Он казался подросшим, больше похожим на доношенного младенца, с личиком ангелочка, маленькими розовыми пальчиками и светлыми редкими волосами. Его маленький носик сладко сопел – он дышал. Какое счастье видеть, как дышит твой ребенок… Слезы катились градом, я чувствовала их сквозь сон, но не могла оторвать от него глаз.
– Нам пора, – всматриваясь куда-то вдаль, вдруг беспокойно прошептал Саша, – тебе нельзя тут больше оставаться.
– Но я не хочу уходить…
Я молила его, но он как всегда был непоколебим, словно гора стоял на своем, и ничто не могло сдвинуть его с места. Я кричала в голос, сопротивлялась, но он вытолкал меня из моего же сна.
– Но я хочу остаться с вами… – закричала я вскочив с кровати.
Осознание того что я чуть не умерла в эту ночь пришло позже. Он не захотел забирать меня. Он снова меня спас. Видимо мое время еще не пришло, пока не пришло.
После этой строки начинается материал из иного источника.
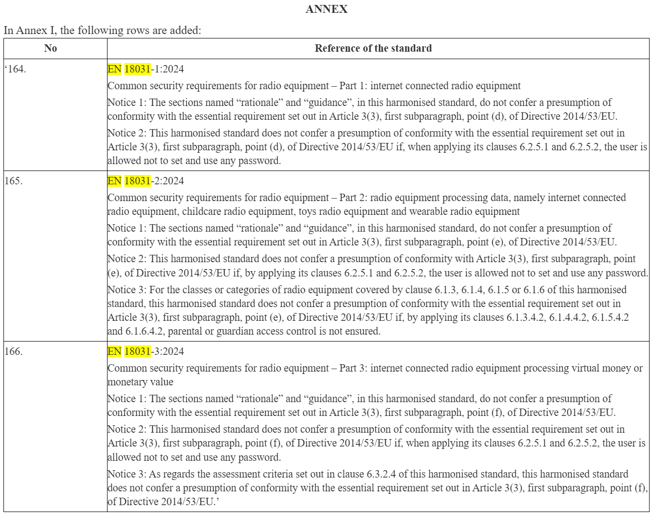 随着2025年1月30日Implementing Decision (EU) 2025/138在欧盟官网的发布,EN 18031已正式被欧盟官方引用为RED-DA法规的统一协调标准,这标示欧盟在无线电产品领域的网络安全合规迈出了重大的一步。虽然已被列入OJ,但官方也同时表示,EN18031的某些条款在RED-DA法规的符合性上仍具有限制性。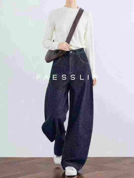 #Jeans wholesale 弯刀牛仔裤女士秋冬半松紧高腰长阔...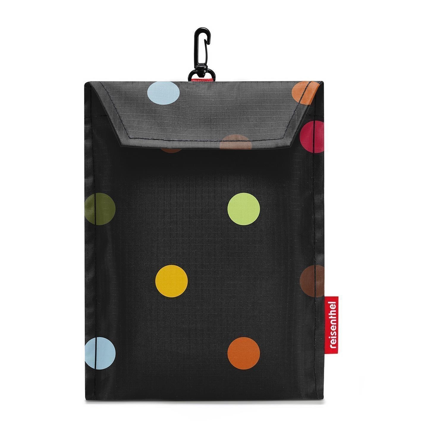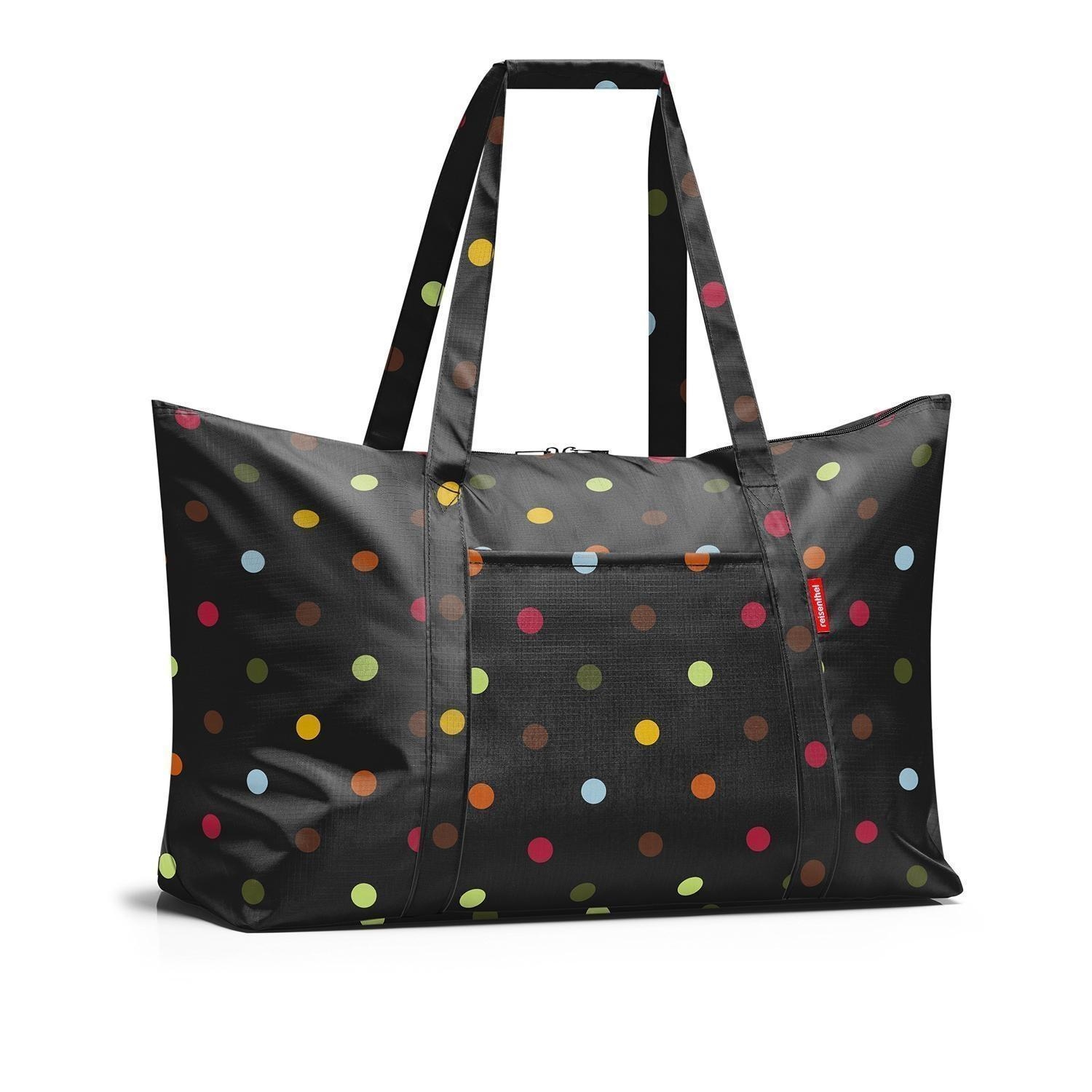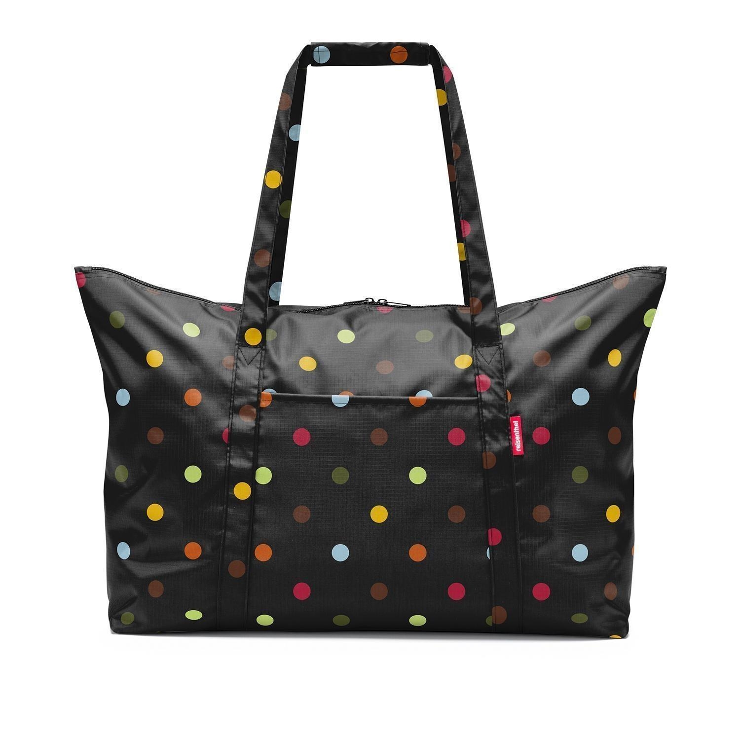 Die Reisetasche MINI MAXI TRAVELBAG DOTS der Marke Reisenthel ist aus wasserabweisendem, recyceltem Polyestergewebe gefertigt und in der Farbe Schwarz ausgeführt und mit mehrfarbigen Punkten gemustert. Sie verfügt über ein Fassungsvermögen von 30 Litern. Zwei vernähte Tragegriffe mit Klettgriff ermöglichen den Transport. An der Außenseite befindet sich ein Steckfach. Die Tasche ist mit einer Extratasche ausgestattet, die ein platzsparendes Verstauen ermöglicht. Diese verfügt über einen Karabinerverschluss. Die Maße der Reisetasche betragen 65 Zentimeter in der Breite, 41 Zentimeter in der Höhe und 26 Zentimeter in der Tiefe.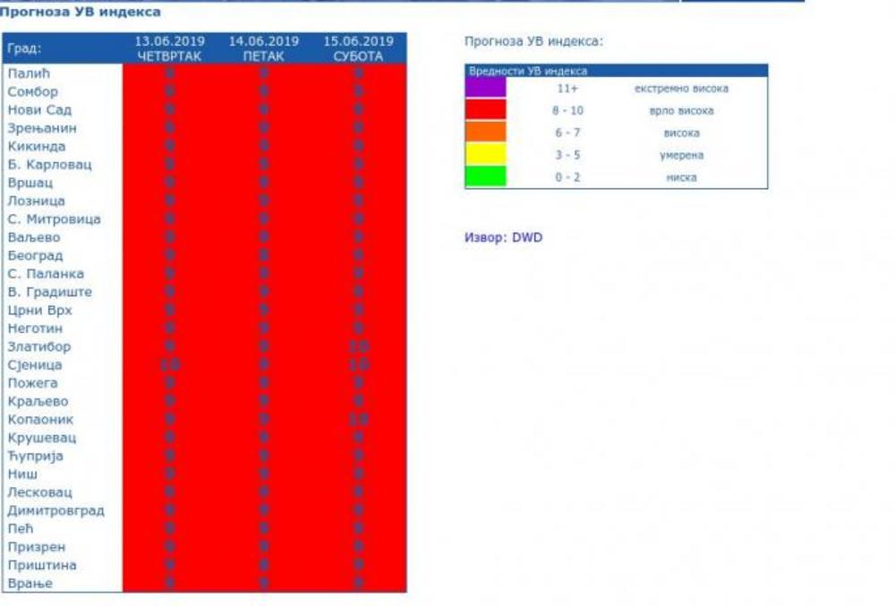 Indeks UV zračenja danas je najviši u Sjenici i iznosi 10, dok je, između ostalog, na Zlatiboru, Kopaoniku, u Beogradu, Novom Sadu, na Paliću, Nišu, Leskovcu 9.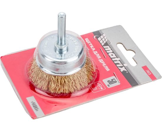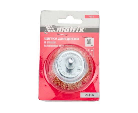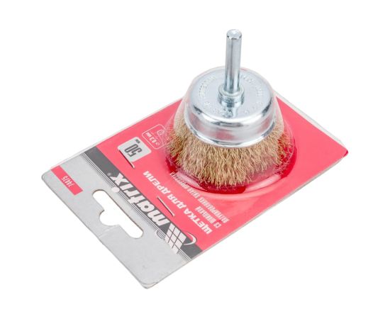 Щетка для дрели Matrix 74475 50мм, чашка со шпилькой, латунированная витая проволока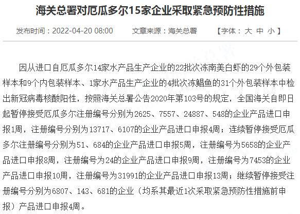 因从进口自厄瓜多尔14家水产品生产企业的22批次冻南美白虾的29个外包装样本和9个内包装样本、1家水产品生产企业的4批次冻鲳鱼的31个外包装样本中检出新冠病毒核酸阳性,按照海关总署公告2020年第103号的规定,全国海关自即日起暂停接受厄瓜多尔注册编号分别为2625、7557、24887、548的企业产品进口申报1周,注册编号分别为13717、6107的企业产品进口申报4周;连续暂停接受厄瓜多尔注册编号分别为51、684的企业产品进口申报5周,注册编号为5658的企业产品进口申报8周,注册编号为24的企业产品进口申报9周,注册编号为7453的企业产品进口申报10周,注册编号为31991的企业产品进口申报13周;继续暂停接受注册编号分别为6807、143、681的企业(均系其最近1次采取紧急预防性措施前申报)产品进口申报4周。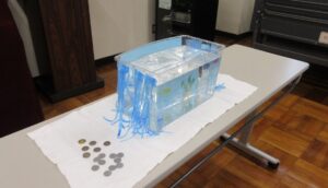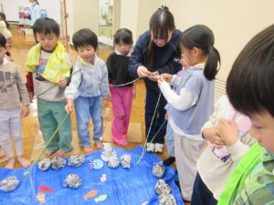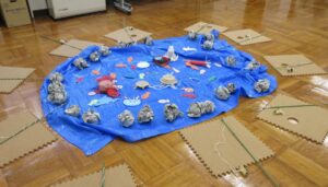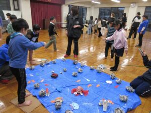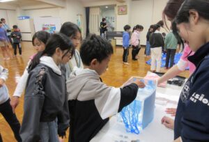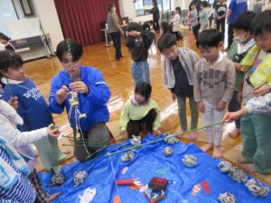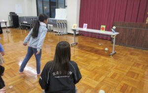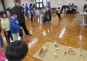 学生さんからでた反省点は「ゲームの最初にルールを説明すればよかった」「一度にたくさんの子どもたちが来て、釣りざおの糸がからまってしまった」「わなげのわっかが軽かったので、重みを付ければよかった。後輩たちにはそう伝えたい」「的あてでは、投げた後のボールをスタッフが取りにいったが、上野先生に言われて子どもたちが取りに行き、なるほどと思った」「コイン落としは、子どもたちには手を水につけないようにと言ったが、結局は水浸しになったので、最初からタオルを用意すれば良かった」

Как трудно хоронить своих детей. Эта боль, в разы сильнее физической. Это раны, которые не способно излечить даже время. Это то, что с трудом можно пережить, но забыть – не возможно. И мне стало так жаль, эту горе мать, которую теперь ненавидел и осуждал весь наш маленький городок.
Глава 10
Неправда… Отрекаются, любя…
Вытаскивая острые занозы…
Устав от непрерывного дождя…
В котором одиноко прячут слёзы…
Не правда… Отрекаются, любя…
Роднятся с одиночеством привычным
В стране с названьем серым «Без тебя»…
И всё волшебное становится обычным…
Под впечатлениями от беспокойного сна я бродила по улицам нашего маленького городка, упиваясь красотой, которую мы так часто не замечаем. Припорошенные ветви деревьев переливались серебряными нотками под лучами холодного зимнего солнца. Белоснежные облака уплывали куда-то по лазурно-голубому океану прямо у нас над головой. Сегодня был такой прекрасный рассвет, солнце раскрашивало горизонт словно художник выбирающий подходящую палитру для новой картины. Пурпурно-сиреневые облака приобретая медный оттенок в считанные минуты преображались в багрово-розовые тона, а затем за мгновения размывали свой сочный цвет до персикового с нотками оранжевой охры. Зрелище длилось не больше двадцати минут, но по-настоящему захватывало воображение. Не знаю почему, это феерическое светопреставление вызвало очередной поток слез, мне стало жаль, что он не видит всего этого, а может быть наблюдает за тем же что и я, но только совсем с другого ракурса, там, на небесах, у них наверное все еще прекраснее.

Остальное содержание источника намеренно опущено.